Personal information
- Born: March 20, 1954 (age 72) Borger, Texas, U.S.
- Listed height: 6 ft 3 in (1.91 m)
- Listed weight: 220 lb (100 kg)

Career information
- High school: Bellevue (Nebraska)
- College: Nebraska
- NFL draft: 1976: 3rd round, 84th overall pick

Career history
- Oakland Raiders (1976); Tampa Bay Buccaneers (1977–1979); New York Giants (1980)*;
- * Offseason or practice squad member only

Awards and highlights
- Super Bowl champion (XI); Unanimous All-American (1975); First-team All-American (1974); 2× First-team All-Big Eight (1974, 1975);

Career NFL statistics
- Games played: 59
- Games started: 2
- Stats at Pro Football Reference

= Rik Bonness =

American football player (born 1954)

Richard Kyes "Rik" Bonness (born March 20, 1954) is an American former professional football player who was linebacker for four seasons in the National Football League (NFL) with the Oakland Raiders and Tampa Bay Buccaneers. He played college football as a center for the Nebraska Cornhuskers, earning consensus All-American honors in 1975.
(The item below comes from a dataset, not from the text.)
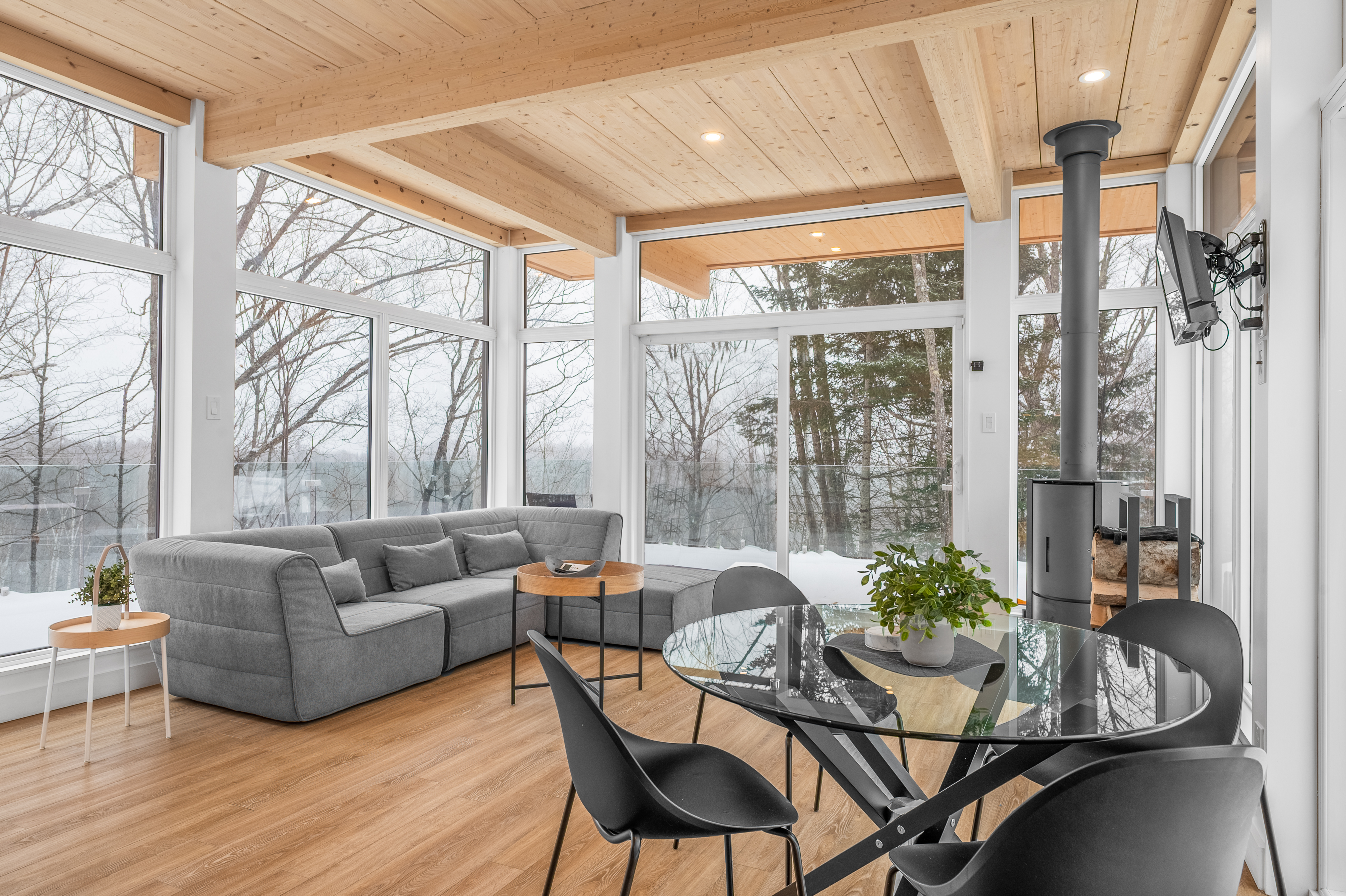 La Forêt Boréale se trouve à 10 minutes du centre de ski Le Mont-Tremblant. Le chalet est entouré d’une magnifique forêt et les grandes fenêtres ont été pensées pour maximiser le spectacle.

Born in Borger, Texas, Bonness played high school football at Bellevue High School in Bellevue, Nebraska, a suburb south of Omaha. He graduated in 1972 and then received a scholarship to the University of Nebraska–Lincoln in Lincoln, the two-time defending national champions under head coach Bob Devaney. Bonness and played center for the Conrnhuskers on the offensive line under new head coach Tom Osborne.
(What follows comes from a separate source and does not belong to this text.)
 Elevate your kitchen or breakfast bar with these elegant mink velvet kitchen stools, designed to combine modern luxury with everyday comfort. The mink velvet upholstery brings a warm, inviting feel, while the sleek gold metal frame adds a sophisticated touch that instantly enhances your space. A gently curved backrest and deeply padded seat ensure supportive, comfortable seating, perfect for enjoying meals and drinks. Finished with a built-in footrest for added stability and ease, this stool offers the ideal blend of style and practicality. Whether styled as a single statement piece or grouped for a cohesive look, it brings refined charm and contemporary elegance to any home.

Following his senior season in 1975, Bonness was a consensus first-team All-American, having received first-team honors from Associated Press (AP), United Press International (UPI), Walter Camp Football Foundation (WCFF), American Football Coaches Association (AFCA), Football Writers Association of America (FWAA), and Football News.

The Oakland Raiders chose Bonness in the third round of the 1976 NFL draft (84th overall). He played linebacker as a pro and appeared in 59 games across four seasons for the Raiders, Tampa Bay Buccaneers (–) and New York Giants. He saw no regular season action in 1980.

During his rookie season, the Raiders won Super Bowl XI in January 1977.